Background

Attention-Deficit/Hyperactivity Disorder (ADHD) is one of the most common neurodevelopmental disorders in children [1, 2]. According to the Diagnostic and Statistical Manual of Mental Disorders, fifth edition (DSM-5) [3], ADHD symptoms include difficulty staying focused and paying attention, difficulty controlling behaviour and hyperactivity. Three different presentations are recognised: the predominantly inattentive, the predominantly hyperactive/impulsive, and the combined presentation [3]. The etiology of ADHD is complex and multidimensional and combines environmental (e.g. home discord, low socioeconomic status, institutionalized care and exposure to violence and trauma) [4, 5] and genetic factors [6, 7].
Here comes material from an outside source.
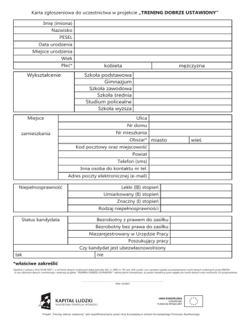 Karta zgłoszeniowa do uczestnictwa w projekcie „TRENING DOBRZE USTAWIONY” Imię (imiona) Nazwisko PESEL Data urodzenia Miejsce urodzenia Wiek Płeć* Wykształcenie Miejsce kobieta mężczyzna Szkoła podstawowa Gimnazjum Szkoła zawodowa Szkoła średnia Studium policealne Szkoła wyższa Ulica Nr domu zamieszkania Nr mieszkania Obszar* miasto Kod pocztowy oraz miejscowość wieś Powiat Telefon (sms) Inna osoba do kontaktu nr tel. Adres poczty elektronicznej (e-mail) Niepełnosprawność Lekki (III) stopień Umiarkowany (II) stopień Znaczny (I) stopień Rodzaj niepełnosprawności Status kandydata Bezrobotny z prawem do zasiłku Bezrobotny bez prawa do zasiłku Niezarejestrowany w Urzędzie Pracy Poszukujący pracy Czy kandydat jest ubezwłasnowolniony nie tak *właściwe zakreślić Zgodnie z ustawą z dnia 29.08.1997 r. o ochronie danych osobowych (tekst jednolity (Dz. U. 2002 nr 101 poz. 926 z późn. zm.) wyrażam zgodę na przetwarzanie moich danych osobowych przez ERKON w celu zbierania danych, monitoringu i ewaluacji projektu “TRENING DOBRZE USTAWIONY”. Jednocześnie oświadczam, że jestem świadomy praw wglądu do moich danych oraz możliwości ich przeprawiania. ……………………………………………………………………………………………………………………… data i podpis Projekt „Trening dobrze ustawiony” jest współfinansowany przez Unię Europejską w ramach Europejskiego Funduszu Społecznego
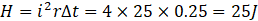 Thermal energy developed in the coil (H) during its removal in time interval Δt=0.25s is given by

Several studies confirm that ADHD symptoms cause a significant impairment in school tasks [8] and in the activities of daily life [9]. In most children with ADHD, symptoms persist into adolescence and adulthood, causing personal, social, occupational and even leisure time dysfunctions [10]; however, early diagnosis and appropriate treatment may positively influence this evolution [2] in a such way that many young people with ADHD are able to make a good adjustment to adult life and are free of mental health problems [11].

In epidemiological studies on the prevalence of ADHD it is necessary to distinguish various strategies: first, clinical (based on the assessment of an expert) and second, psychometric (based on scales of parents and/or teachers) [12]. There are several scales that meet the DSM-IV criteria for detecting ADHD symptoms, and in our opinion, one of the scales that best meets these criteria is the Attention Deficit Hyperactivity Disorder Rating Scales IV (ADHD RS-IV) [13] because of its reliability.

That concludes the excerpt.